In Violanti’s latest book, “Dying for the Job: Police Work Exposure and Health” (Charles C. Thomas Pub. Ltd, 2014), he and several other authors from the National Institute of Occupational Health and Safety, Centers for Disease Control, explore these unusual health risks.

It’s not a pretty picture.

Violanti begins by considering the alarming number of environmental hazards to which police officers are exposed, things such as clandestine methamphetamine labs, dead bodies, lead exposure from firearms, noise, radar, blood-borne pathogens, even fingerprint powder, which has produced occupational lung disease.

“These threats are compounded by the high levels of job stress in police work,” he says, “which manifest as higher-than-average rates of anxiety, obesity, PTSD, high blood pressure, metabolic disorder, cardiovascular disease and suicide.

“I think that the police themselves, their families and the communities they serve should have a better understanding of the information presented here,” Violanti says.

“They should be aware of the hidden risks of this job. The hours are long, the pay is frequently low and a range of stressors provoke physical and psychological damage that can be severe. The police themselves, along with the public, are paying for that damage and should be aware of programs and practices that can alleviate and even prevent the consequences described here.”

A research professor in the Department of Epidemiology and Environmental Health in the UB School of Public Health and Health Professions, Violanti is an internationally recognized scholar who has published extensively on police culture, stress, working conditions and health. He worked for the New York State Police for 23 years as a trooper, criminal investigator and, later, as a coordinator of the state police’s Psychological Assistance Program.

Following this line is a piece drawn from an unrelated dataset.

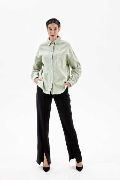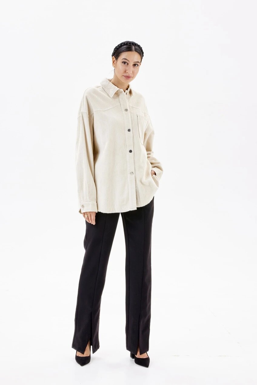 Рубашка прямого кроя, выполненная из плотного твила. Модель имеет длинные рукава, накладной карман и застежку на блестящие металлические пуговицы. Носите как самостоятельно, так и комбинируйте в многослойных образах.

Here he contributes to several chapters on such issues as sources of stress in police work and how police health is measured. He and fellow authors compare police work with other occupations using such variables as smoking and depression, sleep deprivation, obesity, hypertension and metabolic syndrome, and more.

The figures are disturbing.

They point out, too, that police subgroups distinguished by gender, ethnicity and military experience are at even greater risk of ill health than their peers.

One chapter looks at the high level of cancer incidence and mortality among police officers, and the role occupational stress may play in the development of cancer. In another, Franklin H. Zimmerman, MD, senior attending cardiologist and director of critical care at Phelps Memorial Hospital in New York’s Westchester County, discusses the growing risk of cardiovascular disease among police.  

Zimmerman says it is worth noting that most fatal heart attacks among police strike at younger ages than they do in the general working population.

Also included in the book are the health consequences of shift work in policing, stressors and associated health effects for women police officers, police suicide as an outcome of psychological work exposures, vulnerability to work-related post-traumatic stress, PTSD symptoms, psychobiology and coexisting disorders in police officers. There is also an evaluation of several methods used to treat trauma in law enforcement.

Violanti has been involved in the design, implementation and analysis of police stress and health studies for 30 years. Recent projects include a longitudinal study funded by the National Institute of Occupational Safety and Health on psychological stress and cardiovascular disease among police officers.

He is the author of more than 50 peer-reviewed articles on the issues discussed in the book, and has written or edited 15 books on these topics. He lectures nationally and internationally at academic institutions and law enforcement agencies on issues of work-related stress, trauma and suicide.